Background
I have written very simple BBCode parser using C# which transforms BBCode to HTML. Currently it supports only [b], [i] and [u] tags. I know that BBCode is always considered as valid regardless whatever user have typed. I cannot find strict specification how to transform BBCode to HTML
Question
- Does standard “BBCode to HTML” specification exist?
- How should I handle
"[b][b][/b][/b]"? For now parser yields"<b>[b][/b]</b>". - How should I handle
"[b][i][u]zzz[/b][/i][/u]"input? Currently my parser is smart enough to produce"<b><i><u>zzz</u></i></b>"output for such case, but I wonder that it is “too smart” approach, or it is not?
More details
I have found some ready-to-use BBCode parser implementations, but they are too heavy/complex for me and, what is worse, use tons of Regular Expressions and produce not that markup what I expect. Ideally, I want to receive XHTML at the output. For inferring “BBCode to HTML” transformation rules I am using this online parser: http://www.bbcode.org/playground.php. It produces HTML that is intuitively correct on my opinion. The only thing I dislike it does not produce XHTML. For example "[b][i]zzz[/b][/i]" is transformed to "<b><i>zzz</b></i>" (note closing tags order). FireBug of course shows this as "<b><i>zzz</i></b><i></i>". As I understand, browsers fix such wrong closing tags order cases, but I am in doubt:
- Should I rely on this browsers feature and do not try to make XHTML.
- Maybe
"[b][i]zzz[/b]ccc[/i]"must be understood as"<b>[i]zzz</b>ccc[/i]"– looks logically for such improper formatting, but is in conflict with popular forums BBCode outputs (*zzz****ccc*, not **[i]zzzccc[/i])
Thanks.
On your first question, I don’t think that relying on browsers to correct any kind of mistakes is a good idea regardless the scope of your project (well, maybe except when you’re actually doing bug tests on the browser itself). Some browsers might do an awesome job on that while others might fail miserably. The best way to make sure the output syntax is correct (or at least as correct as possible) is to send it with a correct syntax to the browser in the first place.

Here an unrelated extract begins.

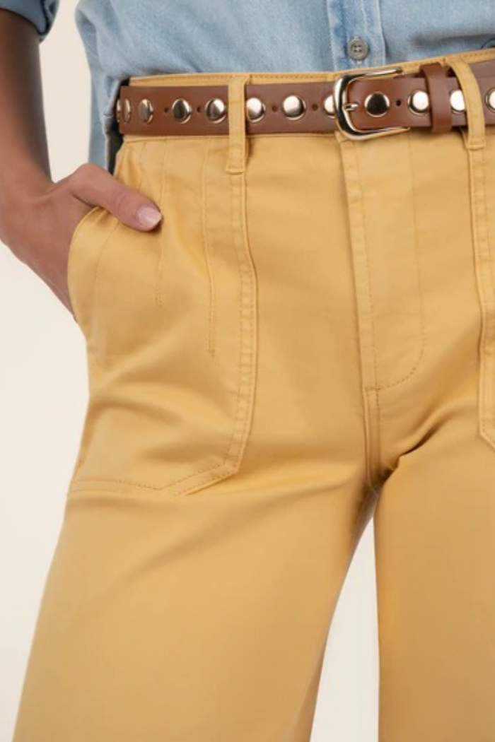 Add a pop of color to your wardrobe with these high-rise pants in a bold Dandelion shade. The wide-leg silhouette drapes effortlessly, while distinctive pork chop pockets bring a blend of practicality and style.

Regarding your second question, since you’re trying to have correct BBCode converted to correct HTML, if your input is
[b][i]zzz[/b]ccc[/i], its correct HTML equivalent would be<i><b>zzz</b>ccc</i>and not<b>[i]zzz</b>ccc[/i]. And this is where things get complicated as you would not be writing just a converter anymore, but also a syntax checker/correcter. I have written a similar script in PHP for a rather weird game engine scripting language but the logic could be easily applied to your case. Basically, I had a flag set for each opening tag and checked if the closing tag was in the right position. Of course, this gives limited functionality but for what I needed it did the trick. If you need more advanced search patterns, I think you’re stuck with regex.